A veces la casa de los amigos está a dos metros y medio del infinito. Enciendes el GPS del iPhone, tecleas la dirección y en la pantalla sale un enorme dedo corazón enfocando hacia tu cara con una frase al final que dice: “Esta dirección o es inventada o me estás tomando el pelo. Hace calor y no estoy para jueguecitos, así que no me vaciles chaval”. Insistes dándole al botón de “Buscar dirección” y la bolita del pensamiento del iPhone se vuelve loca.
“Me parece que la casa de Leo y Sole no existe”, me dice Lorena.
“Pilla mi iPhone que seguro que él te dice dónde está”, le contesto sintiendo cada gota de sudor que brota de mi sobaco.
Son las cinco de la tarde de otro sábado veraniego en South Australia. Tenemos cena en la nueva casa de nuestros amigos argentinos. Han terminado de construir la piscina (pileta para ellos) en su jardín y nos invitan a probar su nueva barbacoa.
Mi iPhone se comporta como un caballero y nos lleva hasta delante de su casa. Se queda sin batería por el esfuerzo y me pide un par de horas de abstinencia direccional para recuperarse. “Well done, dude”, le digo antes de guardarlo en el bolsillo de mi cartera.
El barrio dónde viven parece desértico. Hay una docena de casas en construcción y por primera vez vemos cómo es el proceso de construcción de una casa australiana. El esqueleto de madera delimita cada habitación. El techo se corona con una cúpula de madera maciza que en noches de tormenta intensa no servirá para detener los rayos más devastadores. Luego colocan las ventanas dentro de los huecos habilitados para ello y van rellenando el espacio que dejan las varas de madera con ladrillos de mentira que dejan la casa preparada para que cualquier cerdo de cuento de niños venga a soplar y la tire abajo.
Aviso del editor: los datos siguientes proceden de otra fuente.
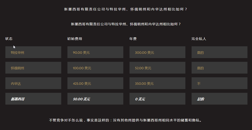 價格:新墨西哥有限責任公司是美國最便宜的匿名有限責任公司。沒有一份年度報告能在公司的一生中節省數百美元。您只需要維護一個新墨西哥州的註冊代理。注意,我們的代理服務包括免費郵件轉發可以選擇升級到虛擬辦公室。
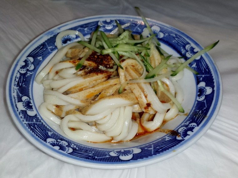 Kalte Nudeln mit scharfer Sesamsauce, Spezialität aus Xi’an und genau unser Geschmack.

Llegamos otra vez los primeros a la cena. También vendrán Fabio, Caterina y Claudio, pero su GPS no está a la altura y llegan tarde. Mientras esperamos, nos ganamos a los niños con cosquillas y juegos de “dónde estás que no te veo”. Me pongo a jugar con los dos hijos de Leo y Sole y alucino de lo bien que hablan inglés. Son australianos de padres argentinos, pero claro, el idioma en el colegio, con los amigos, en la televisión, es el inglés desde que nacieron. En éstos momentos es cuando echo de menos no poder sintonizar en casa la ABC Two, la televisión que se pasa el día emitiendo dibujos animados.
Cuando llegan los italianos, la barbacoa está repleta de peces con verduras envueltos en papel de aluminio que saben deliciosos al salir de su escondite. El sushi se lo come Liam, el hijo pequeño, mientras Lorena le hace trenzas de princesas indias a Layla, que se ha hecho muy amiga de ella.
La sobremesa se reparte en bromas idiomáticas que nos hacen reír en cada frase mal dicha por alguno de los que no tenemos un nivel demasiado alto de inglés.
“¿Cómo se dice “espina” en inglés?”, pregunta alguien.
“Debe ser “espain” o algo así”, contesto yo.
Con el inglés hay que hacer como con el catalán. Imagínate que tienes una palabra en castellano, pongamos “Bocadillo”, pues para saber cómo se dice en catalán, solo hace falta poner acento catalán y quitarle la última letra: “Bucadill”. Que es de jamón y queso: “Bucadill de jamó y ques”, y te quedas tan a gusto.
Claudio se marcha a trabajar durante 6 meses a Port Lincoln. Para llegar hasta allí hay que coger un avión de una compañía tan barata que no tiene ni nombre. Las azafatas están a punto de jubilarse y hace años que no han visitado al dentista. Tienes que llevar tu equipaje encima de las rodillas y el café que sirven en el vuelo, que por suerte solo dura 45 minutos, es mucho peor que el mejor diurético del mundo. “Abstenerse a tomarlo”, dice Caterina.
La noche se alía con un viento frio que nos mete dentro de la casa. La velada se acaba con la imagen de los papis subiendo por las escaleras llevando en brazos a sus hijos reventados de un día tan intenso para ellos. Nosotros también nos tenemos que despedir, porque llegar a casa desde el infinito es siempre una labor dura.
Si miro la hora de un reloj de Buenos Aires ahora serían las 7:15 de la mañana. Aquí es casi hora de irse a dormir. Son las 20:45 del mismo día y las luces del jardín del vecino se acaban de apagar. Me queda 1 hora y 1 minuto de batería en mi portátil, pero mi iPhone tiene la batería al 100%. Lorena esta resucitando su portátil por quinta vez desde que lo tiene. Esperemos que pronto esté preparado para recibir las últimas páginas de su tesis doctoral y nos podamos ver pronto en casa.